Every fall, as I begin teaching a fresh new crop of students, I find out about how their families reacted to their coming to seminary to study to be therapists. The responses run the gamut.
Some families are 100% supportive. They believe in the student’s budding sense of vocation, and are excited for them.
Some are skeptical about the value of a seminary education, and worry whether the student will actually be able to make a living.
And some families object to the student’s choice and try to talk them out of it. “If you want to go to seminary, study to be a pastor,” they say, “but not a therapist.” Or: “If you want to go to graduate school, fine. I’ll even pay for it if you go to the state university. But if you go to a Christian school, don’t expect any help from me.”
You would hope that Jesus himself would have had an easier time of it with his family. After all, this is Jesus, right? Who else should be expected to have a “Christian family”? Mary, of course, knew full well of her firstborn’s true identity and calling. But she and Joseph had other children. Would Jesus’ brothers be supportive? Would they believe?
We won’t come to the story until much later in our survey of the gospel of John. In chapter 7, John describes how Jesus’ brothers pressure him to go to Jerusalem, even though that would put him at risk. Why? They didn’t believe in him, and were probably mocking him (John 7:1-5).
In response, Jesus says, “My time has not yet come” (John 7:6, 8) — basically, the same response he gave to Mary about the shortage of wine. It’s that statement that ties the story in chapter 7 to the miracle in chapter 2, and makes me wonder about this little side note from John: “After this (i.e., the wedding in Cana and the miracle of water into wine), Jesus and his mother, his brothers, and his disciples went down to Capernaum and stayed there for a few days” (John 2:12, CEB).
I read this, and wonder: does that mean that Jesus’ brothers were also at the wedding? That’s the most natural reading of the text. And that also means they probably knew of the miracle.
And still, they didn’t believe.
As suggested in the previous post, the miracle at Cana was a quiet one; only a few people knew about it. But imagine with me for a moment: what if Jesus had had a publicist? He would have been told, “Look, Jesus, you’re wasting an opportunity. This is great stuff. More people need to know about what you did. You need to post it to your Facebook status; we’ll find a way to drive more traffic to your page. We’ll get you some interviews and media coverage. If you really want to change the world, this is what you have to do.”

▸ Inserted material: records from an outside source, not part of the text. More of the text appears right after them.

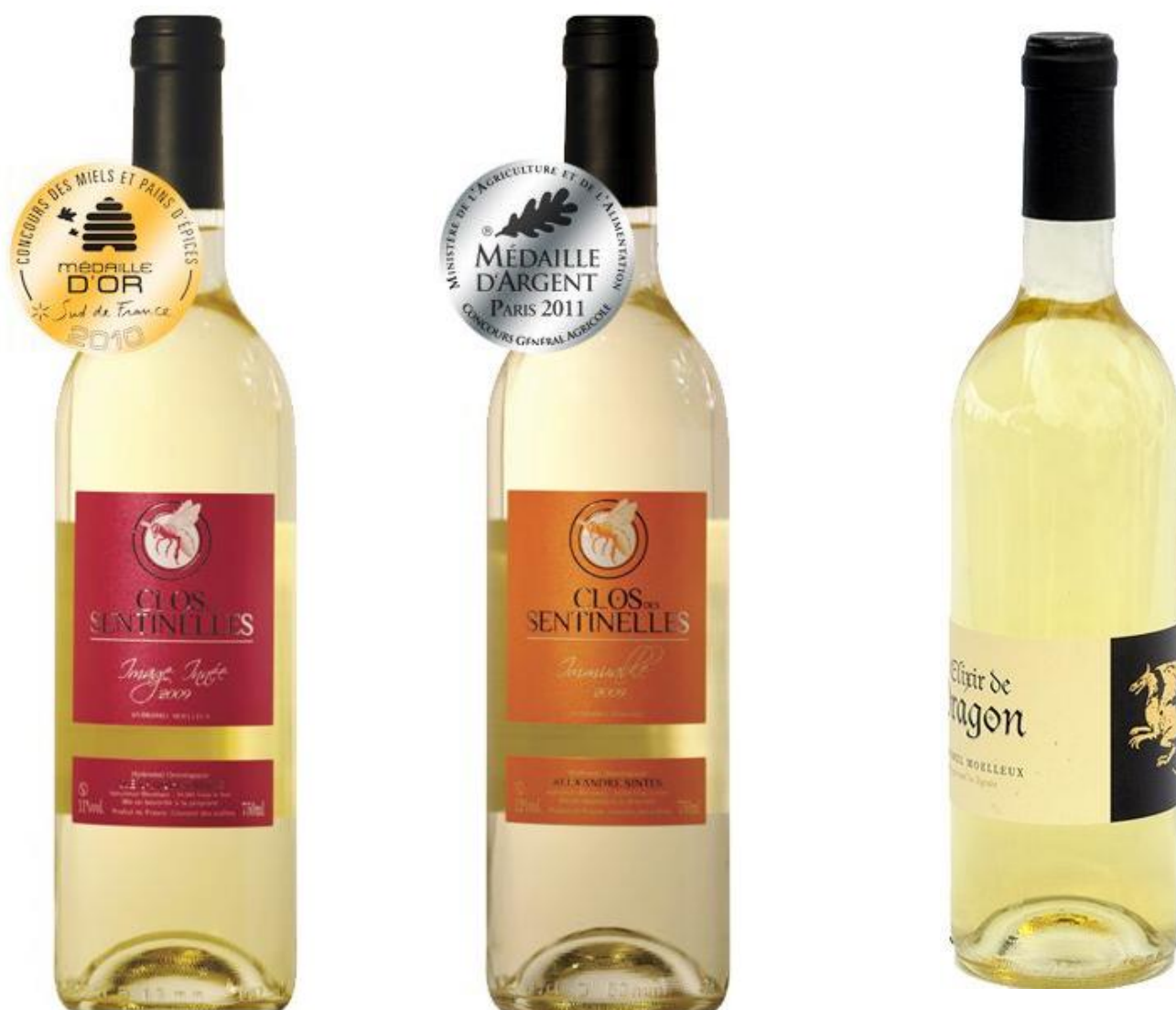
Moelleux haute gamme

Nous la déclinons en 6 variétés. Du Moelleux au sec.
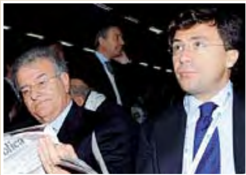
Nella foto grande Silvio Berlusconi; qui sopra Fabrizio Cicchitto e Italo Bocchino; sotto il ministro degli esteri Franco Frattini.

LO SCONTRO. In giornata il Cavaliere aveva preso di mira i finiani. Fuori dalla maggioranza chiunque votasse mozio-
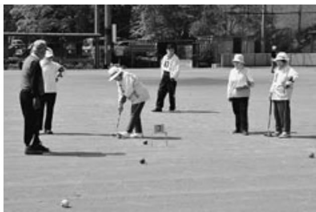
ゲートめがけてボールを打つ選手

5月10日、町体育協会主催、町ゲートボール連盟主管による第37回春季ゲートボール大会が梅沢運動場で開催されました。この大会には町内から約90人が参加し、地区別の15チームが互いに競い合いながら、親睦を深めていました。
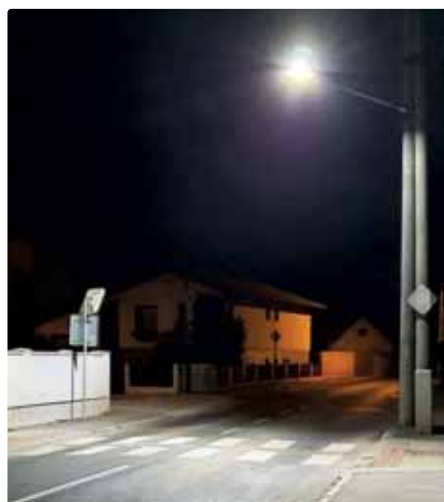
Osvetlené priechody pre chodcov
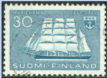
Afbeelding 6. (De viermaster "Pommeren" en het wapen van Mariehamn op een Fins zegel uit 1961 ter gelegenheid van het eeuwfeest van deze stad)

In other words, the publicist would have given the Jesus the same kind of advice that his unbelieving brothers did (see John 7:3-4).
We need our families. Hopefully, we love our families. But they won’t always be there for us, and they won’t always affirm what we believe our calling to be. It was true of Jesus, and sometimes, it will be true of us as well.
We, of course, are fallible and self-deluding in a way that Jesus was not. We therefore need to be humble, honest, and thoughtful in how we listen to our families’ counsel.
But we shouldn’t be surprised if they don’t see things the same way.